The air cylinder on the passenger side arm also has a quick connect fitting on it. I plugged the supplied air line into the fitting and routed the line behind the winch plate along the bottom of the grill. After making it over to the steering box, the black air line makes a 90 degree turn and heads up along the side of the radiator. It makes a turn by the driver’s side headlight and follows the edge of fender back to the air solenoid. When you route any air line (ARB or SwayLOC), be careful when you make our bends. Do not bend them too tight (you do not want to crimp the line) and make sure they do not chafe on any sharp edges (plenty of those on the TJ). I will often times slip a piece of small diameter rubber hose (such as vacuum line or low pressure power steering return hose) over the air line where it makes a bend and may come in contact with something that could rub through it after several months of vibration and use.
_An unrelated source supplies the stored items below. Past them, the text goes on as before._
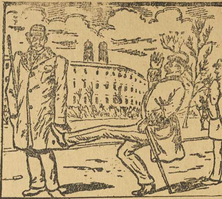
Cet homme cherche sa femme. Où est-elle?

Notre concours du mois de décembre est terminé. Les concurrents devront donc nous envoyer les 5 devinettes parues avec le coupon ci-dessous. Il sera alors attribué, par tirage au sort, 10 magnifiques gravures en couleurs. Adressez les réponses à SPHINX, le Samedi, 200, boulevard St-Laurent, Montréal. Le gagnant d'une prime diot nous la réclamer par lettre ou en personne, s'il est des environs. On peut envoyer autant de réponses à un concours qu'on envoie de coupons.
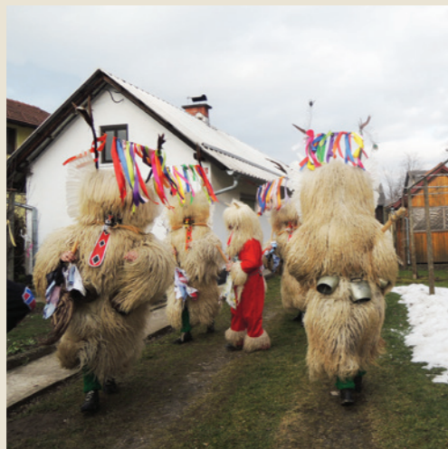
Obhodi kurentov (2017)
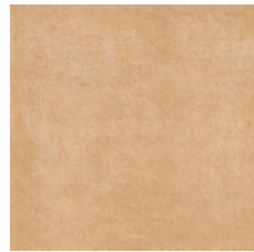
EDICER MONSARAZ AREIA *** 33x33 NAT P57
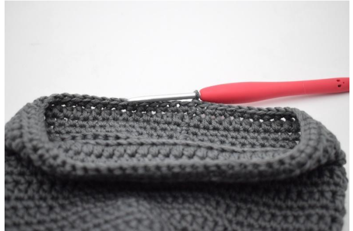
16. Haak 1 l en haak 1 v in iedere s tot het einde van de toer. Sluit af met 1 hv.
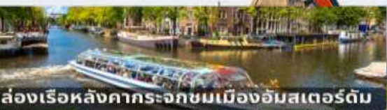
ล่องเรือหลังคากระจกชมเมืองอัมสเตอร์ดัม
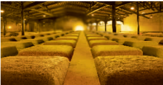
剑南春“天益老号”古窖池群
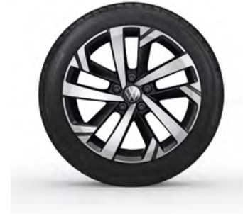
16-Zoll-Leichtmetallrad „Torsby“ 1 Optional für Polo Life
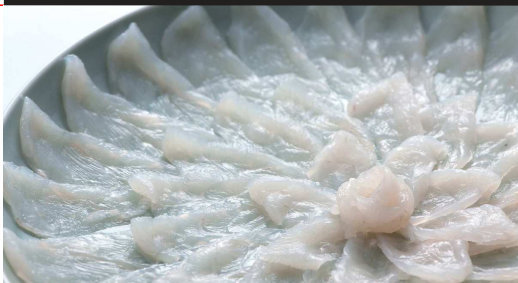
⑥なほぶく / 獲海域を限定して販売許可措置がとられている唯一のぶく。島原地方ではぶくは「がんば」と呼ばれ親しまれている。
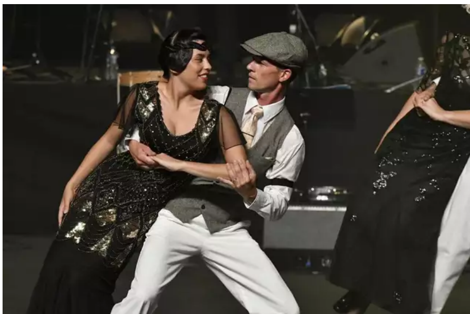
Pour un voyage dans le Lorient des années trente, les danseurs ont effectué une rumba sur « Mon amant de Saint-Jean ».

La conception de ce spectacle 100 % lorientais avait commencé il y a près de deux ans et demi. Il devait être présenté lors de la 50 e édition du Festival Interceltique en l'honneur de la Bretagne, en 2020. Covid oblige, il a été reporté à deux reprises.
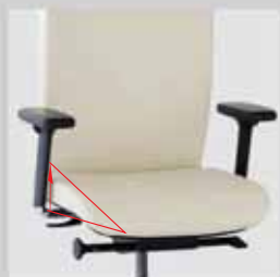
Náklon sedáku Seat - tilt adjustment (-3°) (FO 640 E, FO 642 E)
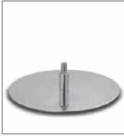
Drehteller Chrom glänzend für Sessel MD F PG
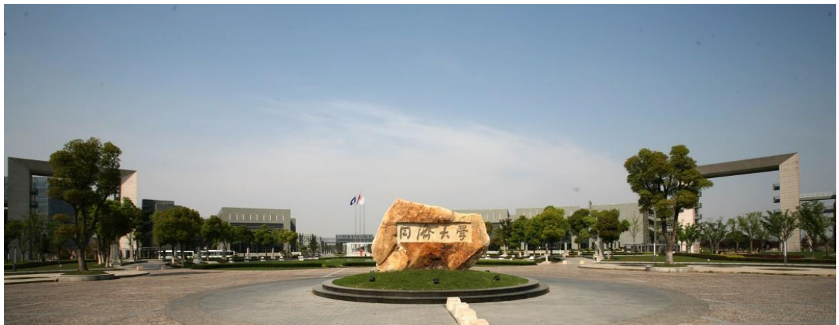
Jia Ding, Shanghai – Eingang des Jia Ding Campus
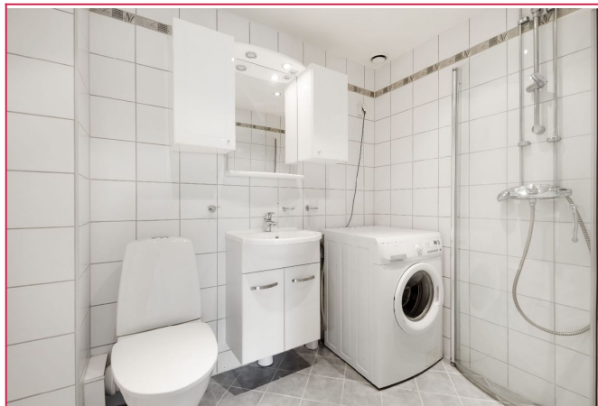
Flislagt bad med vaskemaskin og varmekabler.
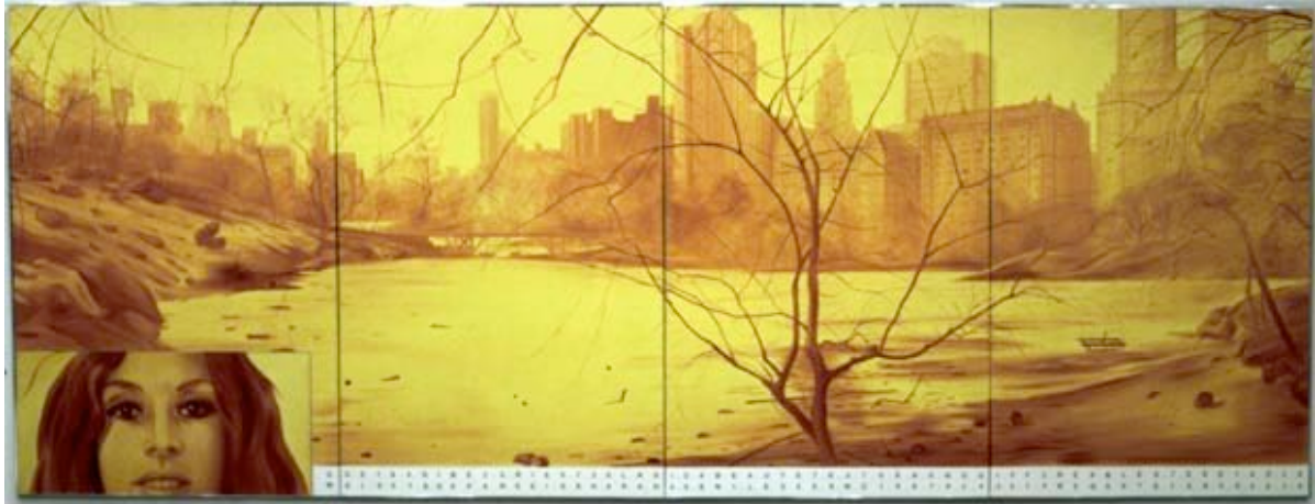
Jacques Monory N.Y. n°10, ref. 383 1971 Huile sur toile 195x456 cm.
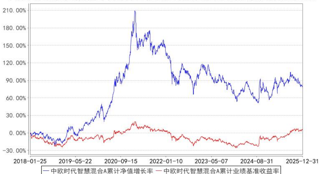
中欧时代智慧混合A累计净值增长率与同期业绩比较基准收益率的历史走势对比图
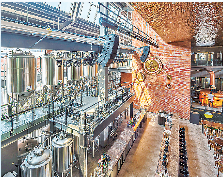
■光影下的精酿工坊,独具魅力。

Taking a few minutes to install your air lines correctly and protecting vulnerable sections can save you hours of frustrations on the trail or a cross country trip.
The next step was to mount and connect the wires for the power switch. ORO provides a compact illuminated rocker switch for controlling the air solenoid and the necessary connectors and wire to hook it up. The air solenoid has a quality waterproof connector (or maybe it is only water resistant…but either way, it is a nice looking connector) that requires +12V (from the power switch) and a ground. I wired the ground wire to a ground buss terminal I have on the fire wall in the engine compartment. The +12V wire was fed through the firewall via the large rubber grommet (above the gas pedal) and into the passenger compartment of the TJ. I drilled a 3/4″ hole and mounted the power switch below the center switch on my ARB switch plate. The switches main power feed was tapped from the switched ARB compressor line that controls the ARB compressor relay. This means that I can opt to energize the SwayLOC’s actuator when ever I have my ARB compressor turned on. My ARB main switch has a switched source which means it also turns off when I turn off the ignition switch. Since you only need air pressure to the SwayLOC when you are off-road, and the only time I have my ARB compressor turned on is when I am off-road, it made sense to hook the two control circuits together.
If the above comments in regards to the electrical control wiring makes absolutely no sense to you, don’t worry…..Steve’s directions for this part, in the SwayLOC install instructions, are very good and it will walk you through hooking the switch and air solenoid.
Update: The SwayLOC solenoid’s control circuit has since been connected to the ARB power circuit. When the middle ARB compressor switch is actuated, the SwayLOC solenoid receives +12 volts so it too energizes. Assuming the ARB compressor is up to pressure, the SwayLOC will unlock.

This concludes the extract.